Un frasco mediano de champú, otro de crema de enjuague. Algo que parece ser un lápiz para el sombreado de los ojos. Ella suele llevar una sombra suave en los párpados. Al menos cuando sale de noche. Cajas de curitas, indispensables en todo botiquín que se precie de tal. Un frasco pequeño de agua oxigenada. Cepillos para el pelo metidos en un vaso, con algunos restos de su melena negra y ondulada. Pinzas para depilarse las cejas (natural: sus cejas son espesas). Una cajita con la inscripción Givenchy, en letras doradas sobre un fondo rojo. Esto es fino. ¿Y por qué no Calvin Klein, que es más fashion? Por sus ancestros, boludo. El apellido de origen francés no pega con una marca americana. ¿Y qué tiene que ver? Su nombre es Marina y tampoco pega con el francés. Eso es distinto. Los nombres de origen italiano son versátiles, se acoplan a distintosidiomas. Marina Vlady, actriz de Jean Luc Godard.
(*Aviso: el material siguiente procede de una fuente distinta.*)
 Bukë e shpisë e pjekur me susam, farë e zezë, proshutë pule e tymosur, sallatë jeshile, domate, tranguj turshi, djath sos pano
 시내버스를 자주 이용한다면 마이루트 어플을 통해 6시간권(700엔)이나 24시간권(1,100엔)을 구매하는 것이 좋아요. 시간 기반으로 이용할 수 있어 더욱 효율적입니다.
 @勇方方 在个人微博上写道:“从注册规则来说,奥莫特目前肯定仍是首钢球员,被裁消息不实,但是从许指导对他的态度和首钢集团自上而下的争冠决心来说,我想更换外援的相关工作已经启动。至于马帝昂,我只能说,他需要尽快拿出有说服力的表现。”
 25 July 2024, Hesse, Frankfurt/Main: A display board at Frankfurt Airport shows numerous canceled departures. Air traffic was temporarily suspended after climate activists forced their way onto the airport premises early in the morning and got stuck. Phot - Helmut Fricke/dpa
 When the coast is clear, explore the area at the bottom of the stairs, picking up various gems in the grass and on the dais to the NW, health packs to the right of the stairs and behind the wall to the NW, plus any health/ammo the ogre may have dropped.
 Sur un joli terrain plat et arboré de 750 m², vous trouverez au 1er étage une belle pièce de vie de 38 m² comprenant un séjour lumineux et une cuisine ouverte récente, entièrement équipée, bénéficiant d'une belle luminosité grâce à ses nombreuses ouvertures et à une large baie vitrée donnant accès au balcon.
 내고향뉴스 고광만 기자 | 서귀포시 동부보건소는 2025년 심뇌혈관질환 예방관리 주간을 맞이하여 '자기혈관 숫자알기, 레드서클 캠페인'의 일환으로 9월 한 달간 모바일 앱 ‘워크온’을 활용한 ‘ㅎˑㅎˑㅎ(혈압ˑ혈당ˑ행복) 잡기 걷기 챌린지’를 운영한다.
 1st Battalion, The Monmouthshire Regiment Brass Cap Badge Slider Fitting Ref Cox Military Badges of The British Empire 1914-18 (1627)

Ancestros rusos, nombre de pila tano. Dos o tres cosas que yo sé de ella. Además Marina no es una chica fashion. Su ideología no se lo permitiría. Es una hija de la clase media ilustrada con ligeros toques de sofisticación. Algo que contrasta con la amplitud de su cuerpo pero combina con el tono modulado de su voz.
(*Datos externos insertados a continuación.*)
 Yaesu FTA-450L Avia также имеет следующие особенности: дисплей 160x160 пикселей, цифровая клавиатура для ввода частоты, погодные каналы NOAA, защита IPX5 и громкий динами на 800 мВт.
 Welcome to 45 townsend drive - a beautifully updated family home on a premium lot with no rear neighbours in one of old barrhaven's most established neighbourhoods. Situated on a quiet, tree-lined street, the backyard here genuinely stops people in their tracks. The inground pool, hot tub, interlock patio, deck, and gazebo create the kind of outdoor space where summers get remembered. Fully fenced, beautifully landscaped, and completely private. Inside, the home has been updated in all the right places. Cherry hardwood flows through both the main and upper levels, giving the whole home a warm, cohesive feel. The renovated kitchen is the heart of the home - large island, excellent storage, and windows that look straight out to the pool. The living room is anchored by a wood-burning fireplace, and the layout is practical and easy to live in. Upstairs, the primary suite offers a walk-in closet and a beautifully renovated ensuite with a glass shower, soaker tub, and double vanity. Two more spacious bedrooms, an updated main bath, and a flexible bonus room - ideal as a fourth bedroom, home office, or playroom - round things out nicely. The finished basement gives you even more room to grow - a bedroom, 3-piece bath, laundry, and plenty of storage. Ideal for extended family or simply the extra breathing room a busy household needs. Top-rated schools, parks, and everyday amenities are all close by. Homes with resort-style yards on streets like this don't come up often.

Cierro la hoja móvil del espejo y las cosas vuelven a su lugar. Reaparece el hombre macilento, con ojeras, que se empeña en mirarme casi todas las mañanas. A veces me cansa un poco. Un buen chorro de agua fría contra la piel abotagada. Y un poco de crema dentífrica para refrescar el aliento. No apelaré a métodos indecorosos. Sólo un leve apretón al tubo de Kolynos y un trocito blancuzco sobre la yema de mi dedo anular. Me refriego con fuerza cuidando de no tocar mis caries. En eso veo que en el portacepillos adosado a los azulejos negros hay dos cepillos, uno más gastado. ¿Compró uno nuevo y se olvidó de tirar el anterior? No es algo que me incumba. Despertaré a Marina con suavidad y la invitaré a desayunar juntos. Un buen desayuno, con tostadas, dulce y manteca, es un buen complemento de una noche plácida. A veces, en medio de un polvo, pienso en el cigarrillo que fumaré después. Eso quiere decir que algo se ha desconectado y la cosa no marcha. Si, en cambio, se me cruza la imagen de una taza humeante de café, el desenlace puede ser otro.
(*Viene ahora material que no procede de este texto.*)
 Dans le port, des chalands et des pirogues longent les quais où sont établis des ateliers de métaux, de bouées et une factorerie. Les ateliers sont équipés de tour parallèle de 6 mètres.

Ella duerme con la cabeza de costado y los bucles de su pelo oscuro que caen sobre el blanco de la almohada. Tiene la boca entreabierta pero solo escucho el ir y venir de su respiración. Antes de llamarla descorro la sábana hasta el nacimiento de sus nalgas. Las persianas de la pieza están bajas (yo mismo las bajé) y solo la luz que viene del living arranca algún brillo de la piel blanca de su espalda. Es un cuadro estimulante. ¿Retirar del todo la sábana, hundir mi cabeza entre sus muslos rellenos, penetrarla como si fuera un sueño? Mejor no. Voy a quedar sin aliento para las actividades matinales.
- Negra, tengo que irme ¿Tomamos un café antes? – le digo, después de sacudirla un poco.
- Ay, Dani, tengo ganas de dormir. Hoy no tengo radio a la mañana – dice, sin abrir los ojos. - Lo dejamos para otro día.
Me pregunto si habrá otro día.
- Okey, ¿como salgo?
- Por la puerta, tonto.

- Me refiero a las llaves.
- No hay drama… Dejás la puerta abierta. A esta hora ya debe haber llegado el portero.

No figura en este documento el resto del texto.